Ms. Rideout, the corporal who stepped on a rotting body, said she developed symptoms of obsessive-compulsive disorder, as well as hypervigilance, and has nightmares about machetes. She was diagnosed with PTSD in 1999.
And, although they were given medals, they are the medals of the failed UNAMIR mission.
The Defence Department maintains that it is up to the UN to decide whether a distinct medal should be given for any particular mission. Yet in Australia, the governor-general upgraded the medals for that country’s troops who went to Rwanda to show that they took part in a separate mission, and to acknowledge the brutal, “warlike” conditions that they faced.
Mr. Rutherford said the Canadians who were sent to Rwanda in 1994 accomplished their objectives, and much more. “They did phenomenal work, they really did,” he said, pausing to gain control of his emotions. “I will be proud of them, always, always, always.”
Mr. Sampson said the soldiers he keeps in touch with who went to Rwanda would do it again. But they want the history corrected on government websites and elsewhere so their children will know what they accomplished. They want Canadians to know the horrors they endured and the toll the mission has taken. And, said Mr. Sampson, they would like to return to Rwanda as a group, to see the country as it is today – a trip they believe would play a healing role in their recovery.
Rwanda now
For the past 19 years, Rwanda has been headed by President Paul Kagame, who some allege had a hand in the assassination of a predecessor, the catalyst for the genocide. Human-rights organizations have cast doubt on the legitimacy of recent elections that brought him to power. Nonetheless, Rwanda is considered one of the most peaceful and progressive countries in Africa.

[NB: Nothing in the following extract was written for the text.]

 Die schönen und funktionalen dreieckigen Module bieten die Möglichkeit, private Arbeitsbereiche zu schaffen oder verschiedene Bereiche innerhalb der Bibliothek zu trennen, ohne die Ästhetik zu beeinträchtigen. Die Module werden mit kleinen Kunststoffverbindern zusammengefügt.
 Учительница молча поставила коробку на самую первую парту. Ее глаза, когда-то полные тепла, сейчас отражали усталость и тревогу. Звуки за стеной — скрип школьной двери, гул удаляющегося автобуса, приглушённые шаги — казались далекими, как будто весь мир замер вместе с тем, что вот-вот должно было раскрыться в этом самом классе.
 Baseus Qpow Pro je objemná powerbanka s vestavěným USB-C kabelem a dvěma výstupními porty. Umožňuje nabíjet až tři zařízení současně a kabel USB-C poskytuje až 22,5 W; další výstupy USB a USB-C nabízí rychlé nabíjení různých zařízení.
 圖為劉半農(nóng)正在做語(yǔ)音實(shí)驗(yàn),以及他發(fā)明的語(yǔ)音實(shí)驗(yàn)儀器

A system of community justice and an international tribunal spanning many years instilled a cautious sense of reconciliation among citizens. Now, the country of nearly 12 million is a tourist destination and one of the fastest-growing economies on the continent.
It is the Rwandans who ultimately brought a halt to the horrors and turned the course of their country. But the Canadian soldiers helped the Rwandans on their road to stability.

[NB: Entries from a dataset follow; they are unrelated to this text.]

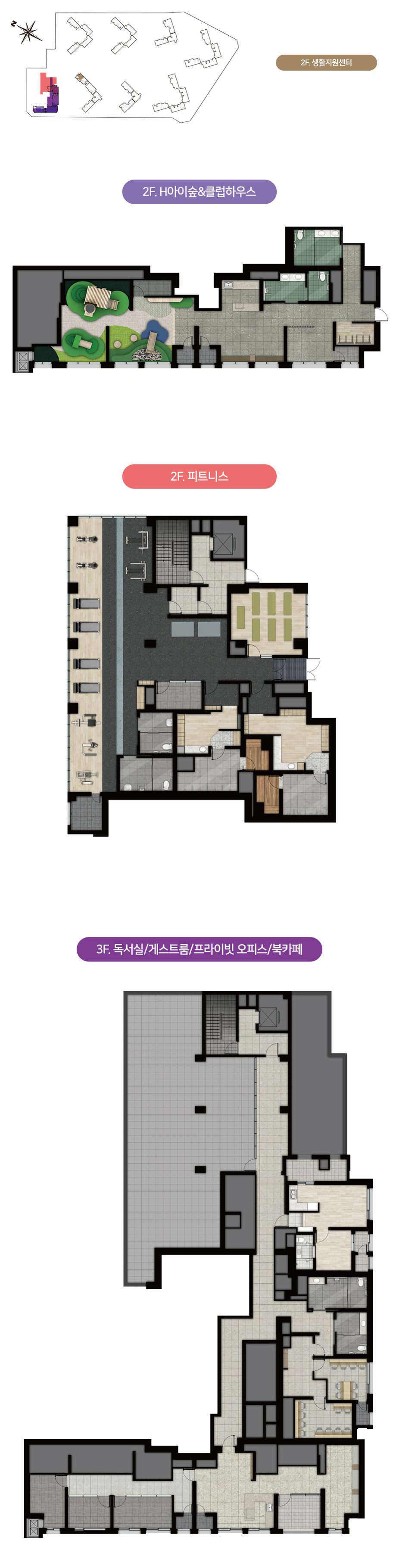 ※ 커뮤니티 공간내 운동기구, 옷장(락카), 독서실 책상은 기본 제공되며, H아이숲, 클럽하우스, 독서실, 게스트룸, 프라이빗 오피스, 북카페, 피트니스 등의 시설관리 및 운영을 위한 가구, 비품, 스탠드, 각종 집기류 등은 제공되지 않습니다.
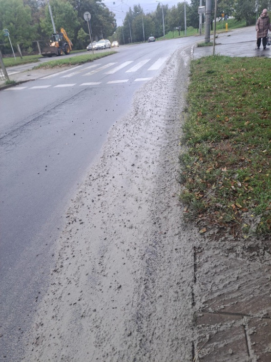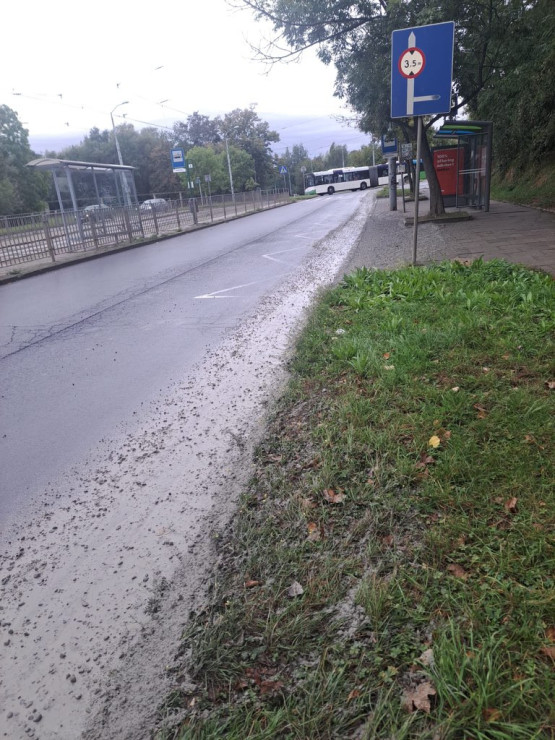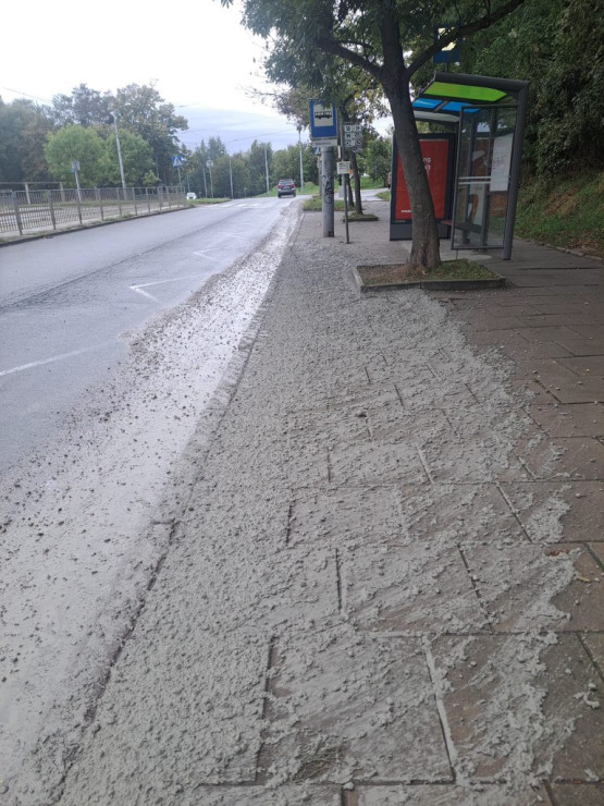 Beton rozlał się od ulicy Strzałowskiej na Golęcinie, aż po ulicę Robotniczą na Żelechowej. – To odcinek prawie 1000 metrów, po drodze widać było zanieczyszczoną drogę, pobocze, ochlapany zabytkowy mur oraz przystanek autobusowy – relacjonuje Joanna Wojtach.
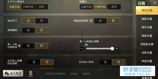 左手开火键显示 默认总是开启,便于瞄准中射击以及之后会提及的三指乃至于四指操作。 陀螺仪 是争论比较大的一个功能了,很多人表示不习惯,但不可否认的是 熟练掌握陀螺仪能让你的瞄准射击甚至于压枪更具有威胁性! M24君的建议是打开并多加练习。 自动开门 推荐关闭, 智能药品推荐 推荐打开,在生死攸关的时候或许能帮你争取那0.5秒左右的时间。 第一人称切换按钮 推荐打开,攻楼利器,因为第三人称跟第一人称打高处敌人时腰射的判定有差异,在楼梯打二楼敌人,同样的位置角度,准心瞄准腰射第三人称很容易打在楼梯上,而第一人称则不会。 【画面设置】

“By the time I left on the 19th of August [1994], it was day and night,” Mr. Dallaire said.
In 1994, Adrien Niyobuhungiro was four years old. He and his family fled to Gisenyi and then to the DRC during the genocide. His father, who helped to construct orphanages and other buildings, would walk to his jobs with the Canadian soldiers to stay safe. “In their presence, no one would attack you,” said Mr. Niyobuhungiro, who spoke on the phone from Rwanda. After the Canadians left, his father was killed by machete in front of him and his mother died from the resulting shock.
Gilbert Munyampeta, who now lives in Gatineau, was five years old and living in an orphanage near Gisenyi in western Rwanda when he first encountered the Canadians. He said he remembers the troops well. They brought beds and blankets. And sometimes they would bring food. “They protected us,” Mr. Munyampeta said. "They gave us hope for life.”